President McKay specifically prayed that the tabernacle would be protected in the event of a war. Pearl Harbor, located 10 miles away, was bombed less than four months later. Brooks Haderlie, a former BYU–Hawaii archivist, explained, “Most people knew when war was coming, but at that point, literally no one knew Hawaii would be bombed. Everybody assumed Hawaii would be invaded by Japanese troops, but they were not expecting a bombing.”[1]

In the years that followed the attack, the downtown Honolulu tabernacle became a spiritual sanctuary for Latter-day Saint servicemen, Utt said.

Burton called for a complex rather than a single building. The proposal consisted of five principal buildings that were connected by covered walkways or lanais. The main building was the tabernacle itself.
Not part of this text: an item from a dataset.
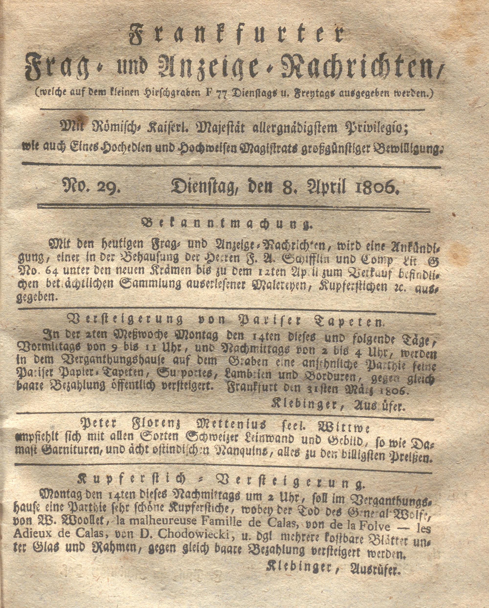 Franckfurter Frag- und Anzeige-Nachricht...

This 120-foot-by-45-foot chapel was designed to comfortably seat one thousand people. A choir loft, located behind the off-centered podium at the front of the tabernacle, seated 150 people and housed both a piano and an organ.
Connected at a right angle to the tabernacle chapel was a cultural hall with a hardwood floor. This 120-foot-by-40-foot hall would be separated from the chapel by heavy curtains. When the curtains were opened, chairs could be set up in the cultural hall, and seating for the tabernacle chapel would be doubled. The cultural hall was to be used for games and dances and would also have a stage at its far end for plays and entertainment.
The remaining buildings proposed for the complex included a long row of classrooms designed to flank outside courtyards, a building housing offices for ecclesiastical leaders, another chapel large enough for four hundred people to be used for local ward services, and a 141-foot tower to be built at the intersection of the two main structures to “balance the ensemble.”[38]
Burton designed the buildings so they could be opened on three sides to “take full advantage of the cooling trade winds and the shade of the fine old trees.”[2]

The tabernacle's most identifiable feature is the large tile mosaic representing Christ which adorns the front of the chapel. It was done by Eugene Savage, who was head of the art department at Columbia University. The mosaic is made up of at least 100,000 tiny ceramic tiles.[3]

Eugene Savage's mosaic was created in his studio in New York, but delays due to the war prevented it being included for the tabernacle's dedication. The mosaic was finally installed and dedicated in 1943. Eugene Savage actually declined payment for his work on the mosaic of Christ because he felt it was an “honor and the peak of an artist’s career to be commissioned to do the Christ.”[4]

Thomas E. Daniels said that “For many years the illuminated tower of the tabernacle, rising 141 feet, served as a beacon even for ships at sea. It was exceeded in height only by the Aloha Tower."[5]

The building was upgraded and remodeled in 1974, 1987, and 1997.[6]